- Exercise
With the pictures left aside, write out the entries that follow exactly.

=== Given entries ===

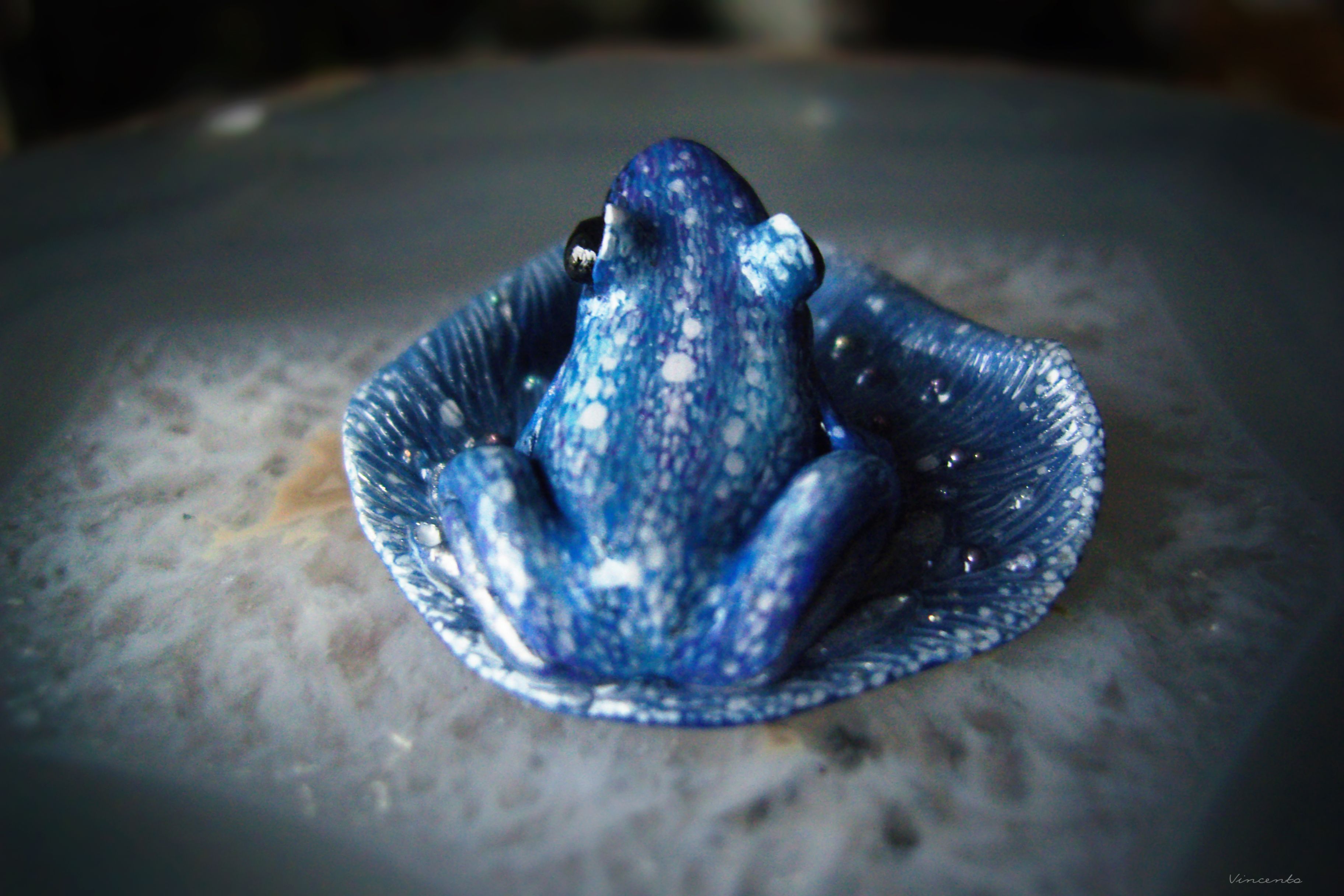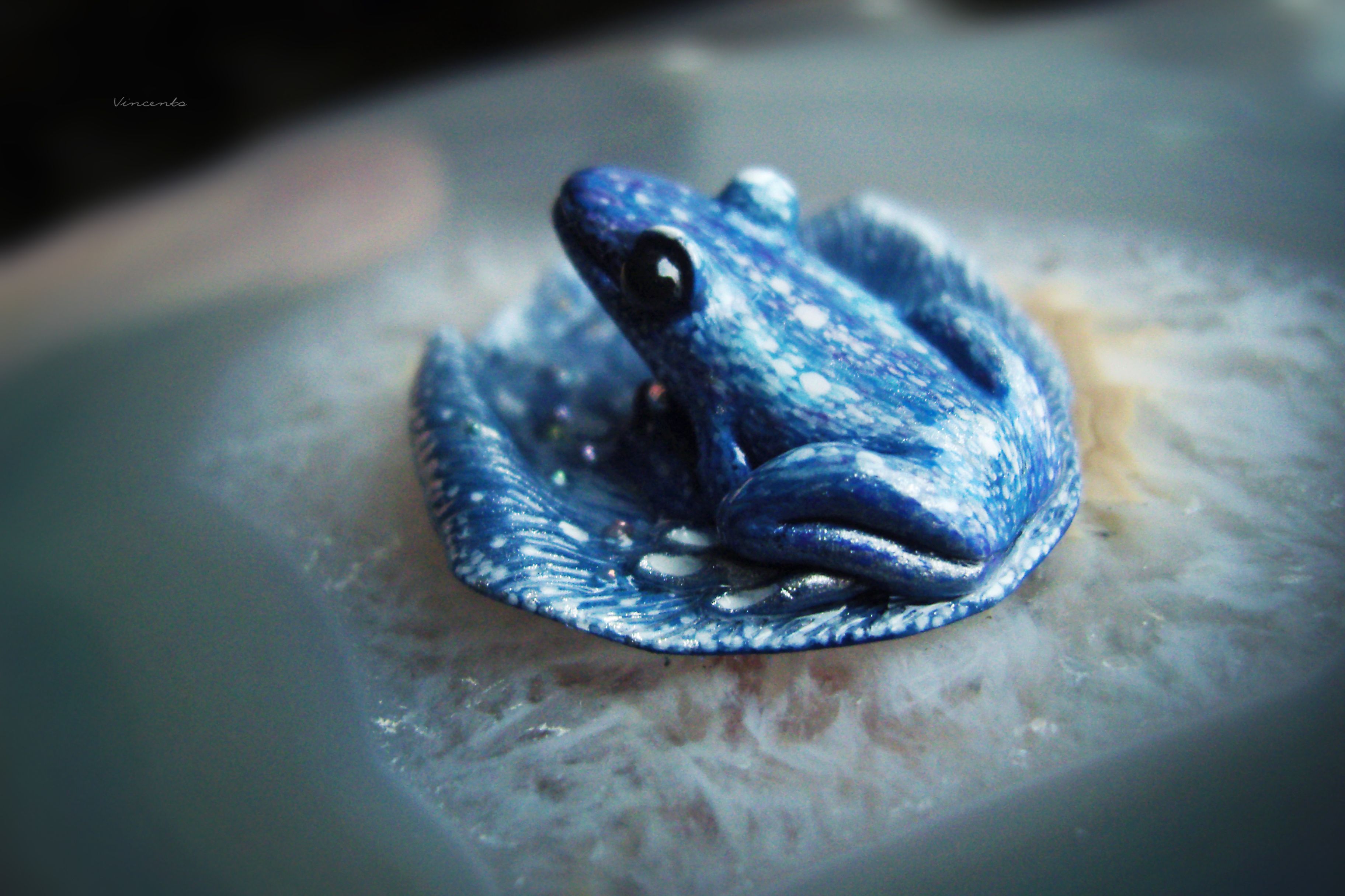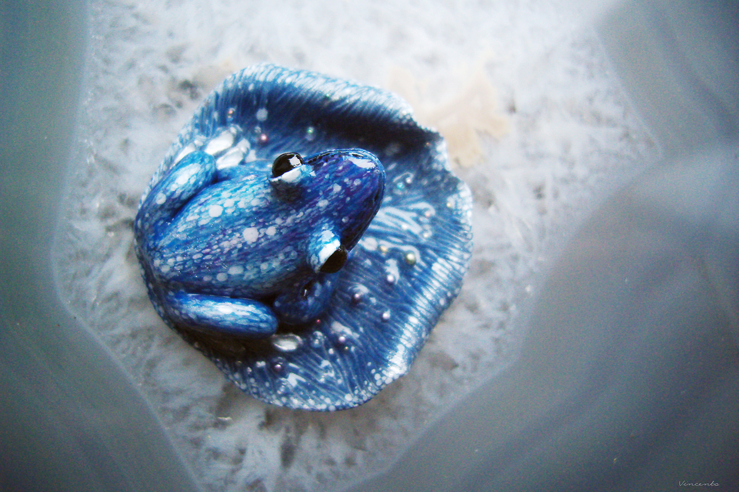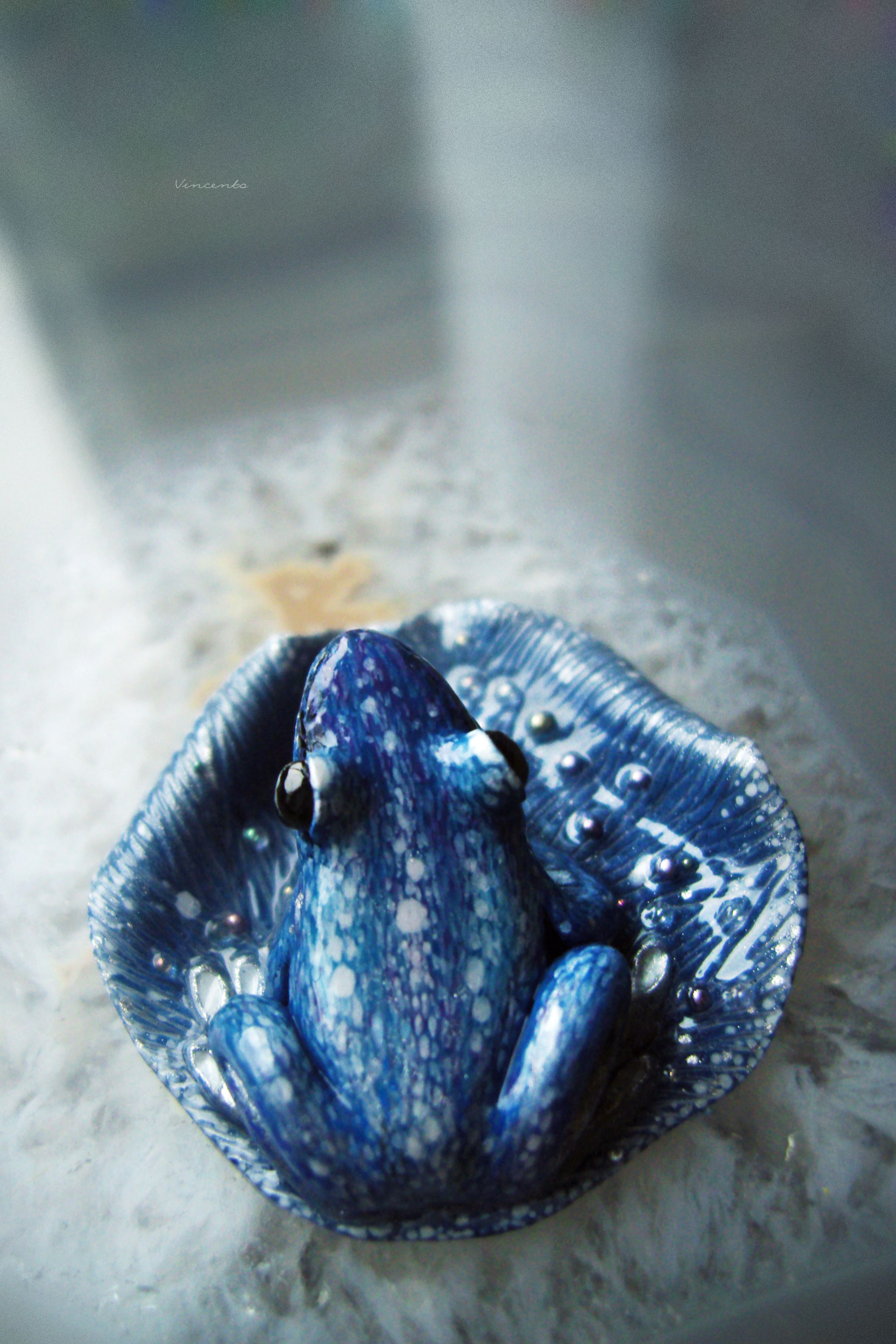 - Фэнтезийная миниатюрная брошь с тёмно-синей лягушкой и серебристой звездой из гематита - волшебное украшение в технике скульптурной миниатюры.
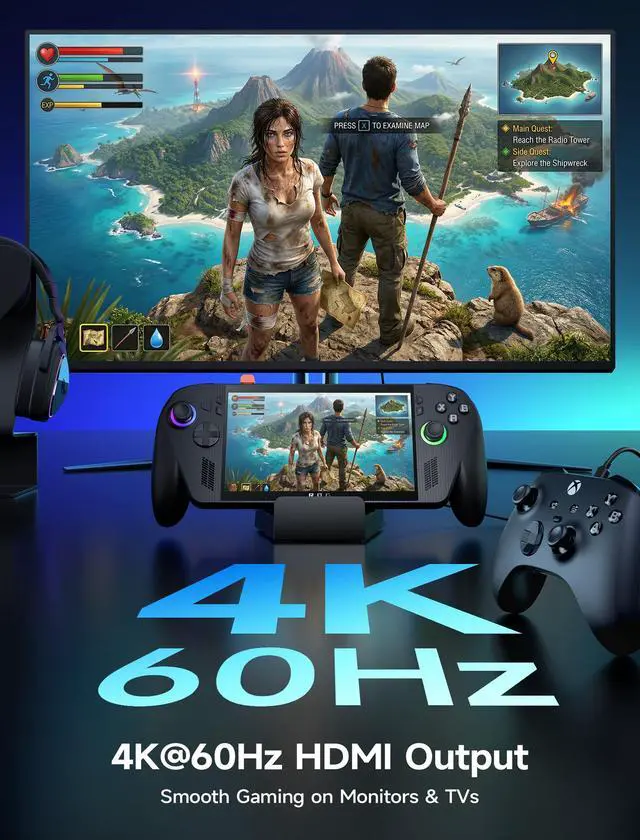HDMI 4K@60Hz & 2K@120Hz OUTPUT: Output to your TV or monitor at 4K@60Hz for stunning clarity or 2K@120Hz for ultra-smooth high-refresh gameplay. Whether you're in a living room or gaming den, get a crisp big-screen experience on any HDMI-enabled display.
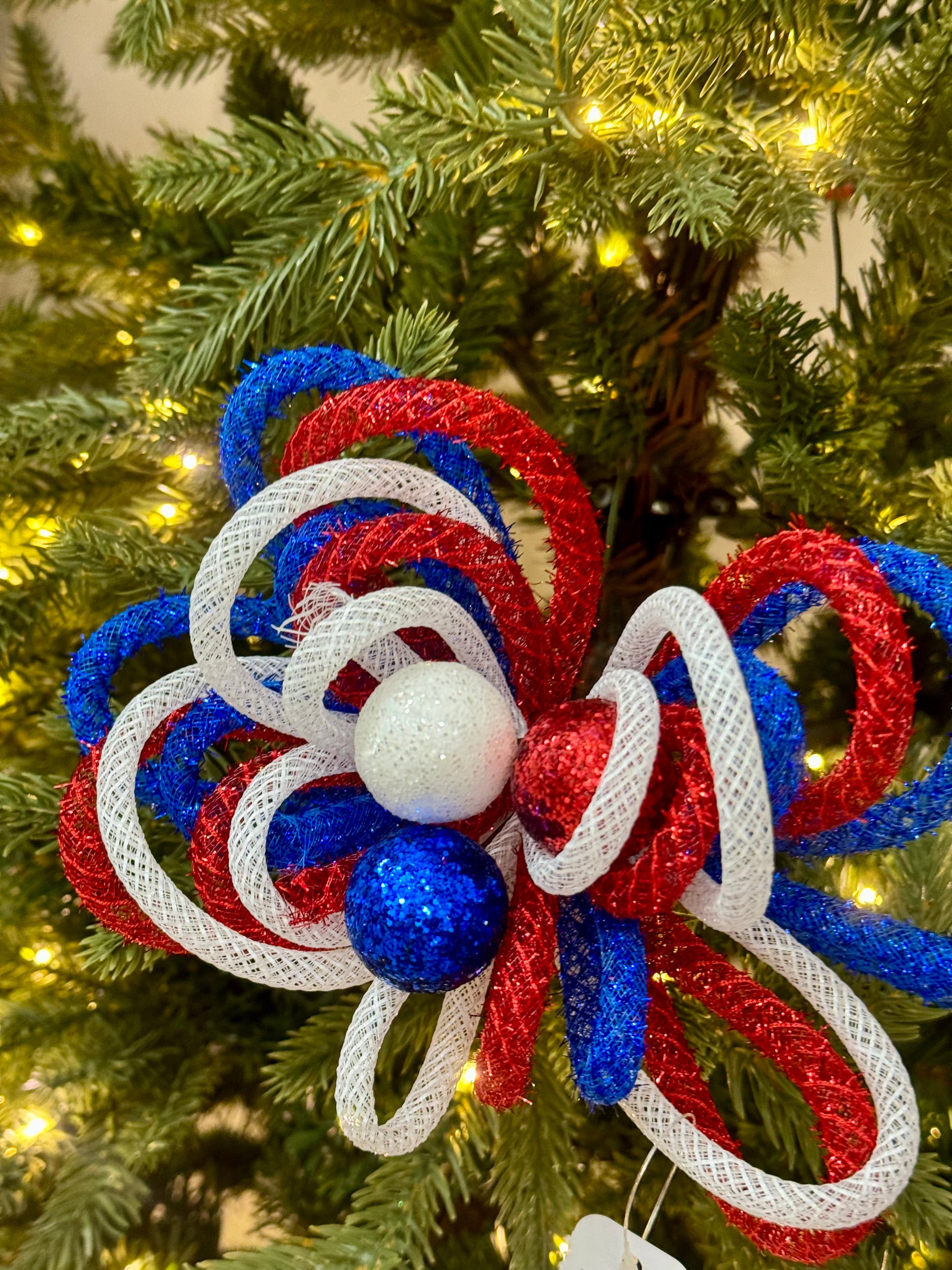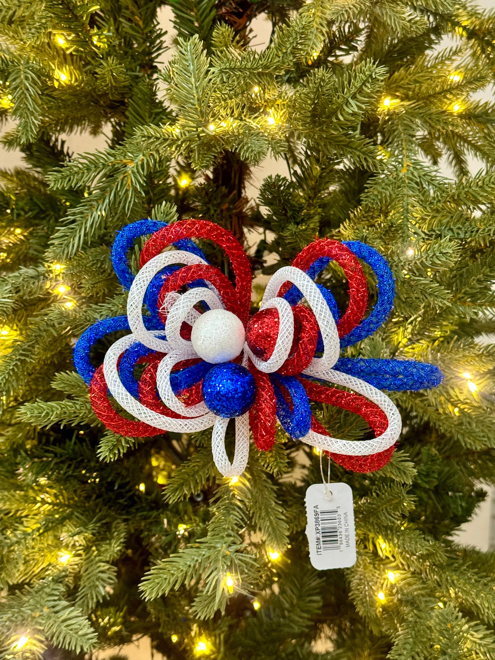 12 Inch Red White And Blue Tinsel Foil Ball Pick
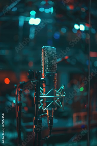 Artistic Flair Whimsical Microphone in Concert Hall, Illuminated by Ambient Lighting, Evoking Live Performance
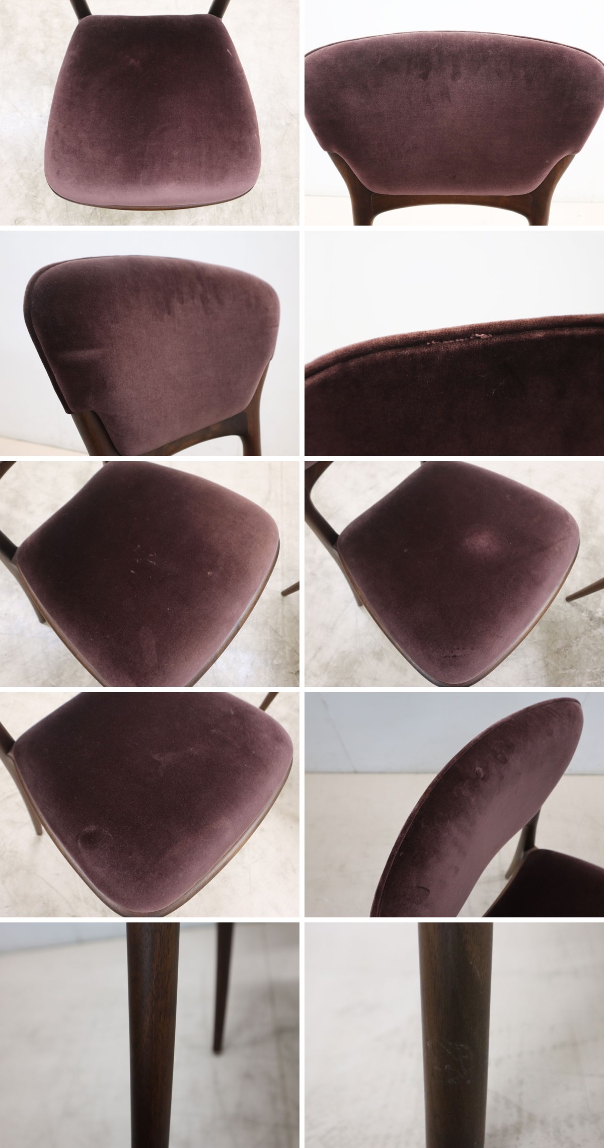 【仕様】 サイズ:約 W51.5×D56×H87.3・SH48cm ※実寸の為、多少の誤差はご了承下さい。 素材:ファブリック、アメリカンウォールナット材 カラー:バーガンディ系(画像は100%正確な色味では御座いませんので気になるお客様は世田谷区船橋の倉庫でご覧頂けます。色味による返品、返金等は一切お受けできませんのでご了承の上でご入札をお願い致します。) 参考価格:3,124,000 円(781,000 円×4) |

===

- Output below
 - Фэнтезийная миниатюрная брошь с тёмно-синей лягушкой и серебристой звездой из гематита - волшебное украшение в технике скульптурной миниатюры.
HDMI 4K@60Hz & 2K@120Hz OUTPUT: Output to your TV or monitor at 4K@60Hz for stunning clarity or 2K@120Hz for ultra-smooth high-refresh gameplay. Whether you're in a living room or gaming den, get a crisp big-screen experience on any HDMI-enabled display.
 12 Inch Red White And Blue Tinsel Foil Ball Pick
 Artistic Flair Whimsical Microphone in Concert Hall, Illuminated by Ambient Lighting, Evoking Live Performance
 【仕様】 サイズ:約 W51.5×D56×H87.3・SH48cm ※実寸の為、多少の誤差はご了承下さい。 素材:ファブリック、アメリカンウォールナット材 カラー:バーガンディ系(画像は100%正確な色味では御座いませんので気になるお客様は世田谷区船橋の倉庫でご覧頂けます。色味による返品、返金等は一切お受けできませんのでご了承の上でご入札をお願い致します。) 参考価格:3,124,000 円(781,000 円×4) |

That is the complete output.